There is a high demand for miniaturized, low-power gas sensors that can be widely deployed in wireless applications for improved environmental protection, for public health, and for safe and efficient operation of many industrial processes. This proposal seeks to develop such sensors for the sensitive and selective detection of greenhouse gases, such as methane and carbon dioxide at ambient temperatures. Due to their relatively inert nature, greenhouse gases are extremely hard to detect at room temperature and hence at low power. More specifically, a transistor-based device will be developed employing a new class of porous material systems called metal-organic-frameworks. These novel chemicals will be engineered to bind selectively to the target gases.

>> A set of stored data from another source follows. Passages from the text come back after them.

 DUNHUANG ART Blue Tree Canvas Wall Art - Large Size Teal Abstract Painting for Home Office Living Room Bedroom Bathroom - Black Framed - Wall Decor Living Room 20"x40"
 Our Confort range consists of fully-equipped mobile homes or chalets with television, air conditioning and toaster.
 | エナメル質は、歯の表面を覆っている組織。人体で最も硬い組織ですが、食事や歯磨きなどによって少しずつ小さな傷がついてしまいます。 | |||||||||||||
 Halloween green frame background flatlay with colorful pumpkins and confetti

The broader impact of this work lies in its impact on other scientific fields, on society and in its educational and outreach activities. More broadly, insights will impact many disciplines and technologies using MOFs, such as gas separation and CO2 sequestration; proposed device designs have the potential to disrupt many sensing applications, such as workplace safety and air quality monitoring. Additional significant impact is on human resource development. The project will provide core training for graduate and undergraduate students who will benefit from interdisciplinary training at the crossroads of electrical engineering, surface chemistry, and materials science.

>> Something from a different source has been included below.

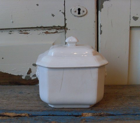 Smuk fajance lågskål med løve hoveder på siderne. Fremstår med hår revner og et afslag, se billed. Mål 11x13,5cm. Højde 15cm.
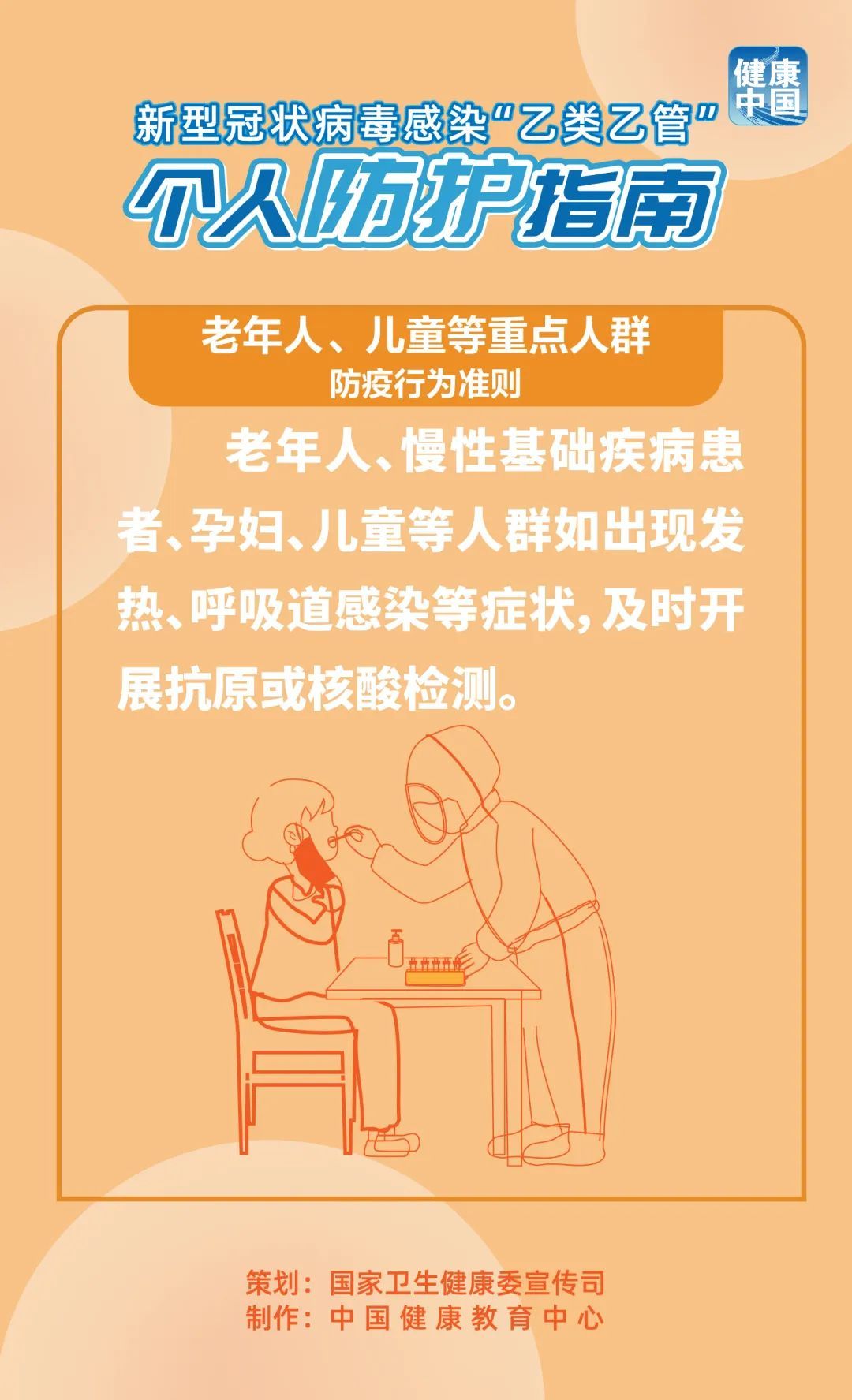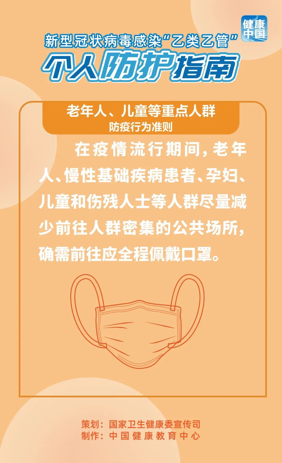 新型冠状病毒感染“乙类乙管”后,老年人、儿童等重点人群应怎样做好个人防护?来看国家卫健委的这份个人防护指南,详见↓

This proposal is centered on a new device architecture based on chemically gated field effect transistors, which can operate at room temperature, are compatible with integrated-circuit fabrication techniques, and can be rendered extremely selective by suitable functionalization of the chemically sensitive gate. Metal organic frameworks (MOFs) have been identified as the functional element for their demonstrated extreme selectivity to gaseous species. In particular, this proposal aims to demonstrate ultra-low power, chip-scale gas sensing of greenhouse gases. The intellectual merit of the proposed work lies both in the novel design architectures and in the selection of new materials for the dielectric and the chemically sensitive layers. From a fundamental point of view, the proposed research will allow understanding and predicting the factors affecting the growth of ultrathin MOFs, to achieve their integration in an electrical microdevices, and to optimize materials and designs for enhanced chemical sensing.
This award reflects NSF's statutory mission and has been deemed worthy of support through evaluation using the Foundation's intellectual merit and broader impacts review criteria.